Algunas de las razones de esta situación son bien patentes, imaginemos, si no, las
consecuencias de un equipo de trabajo en el que alguien fuera incapaz de reprimir una
explosión de cólera o que careciera de la sensibilidad necesaria para captar lo que siente
la gente que le rodea. Todos los efectos nefastos de la alteración sobre el pensamiento
que hemos mencionado en el capitulo 6 operan también en el mundo laboral. Cuando la
gente se encuentra emocionalmente tensa no puede recordar, atender, aprender ni tomar
decisiones con claridad. Como dijo un empresario: «el estrés estupidiza a la gente».

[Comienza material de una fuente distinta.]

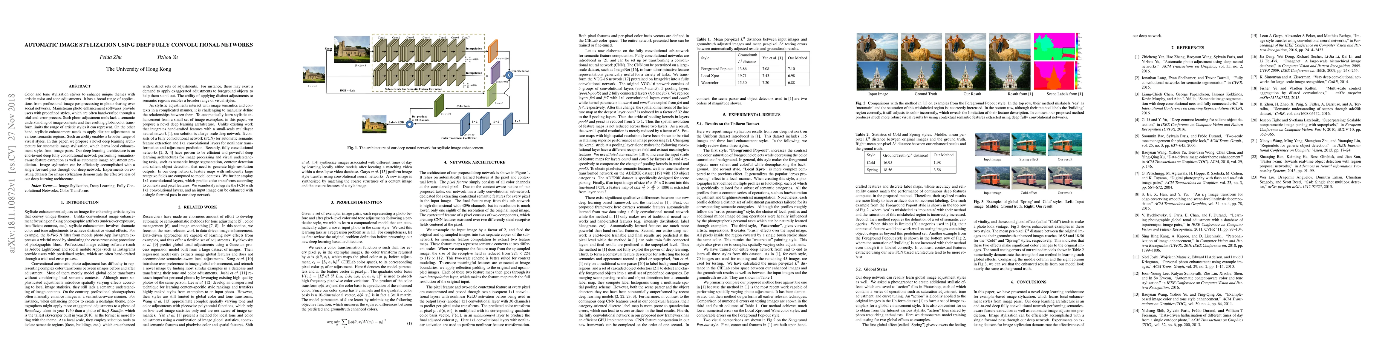 This paper proposes a deep fully convolutional network for automatic image stylization that learns local enhancement styles from image pairs, enabling semantics-aware feature extraction and automatic adjustment prediction, thus achieving broader visual styles with a single forward pass. Experiments show the effectiveness of the proposed method in enhancing images with artistic styles.

Imaginemos, por otra parte, los efectos beneficiosos del dominio de las habilidades
emocionales fundamentales (ser capaces de sintonizar con los sentimientos de las
personas que nos rodean, poder manejar los desacuerdos antes de que se conviertan en
abismos insalvables, tener la capacidad de entrar en el estado de «flujo» mientras
trabajamos, etcétera). El liderazgo no tiene que ver con el control de los demás sino con el
arte de persuadirles para colaborar en la construcción de un objetivo común. Y, en lo que
respecta a nuestro propio mundo interior, nada hay más esencial que poder reconocer
nuestros sentimientos más profundos y saber lo que tenemos que hacer para estar más
satisfechos con nuestro trabajo.
Existen otras razones menos evidentes que reflejan los importantes cambios que están
aconteciendo en el mundo empresarial y que contribuyen a situar las aptitudes
emocionales en un lugar preponderante. Permítanme ahora destacar tres facetas
diferentes de la inteligencia emocional: la capacidad de expresar las quejas en forma de
críticas positivas, la creación de un clima que valore la diversidad y no la convierta en una
fuente de fricción y el hecho de saber establecer redes eficaces.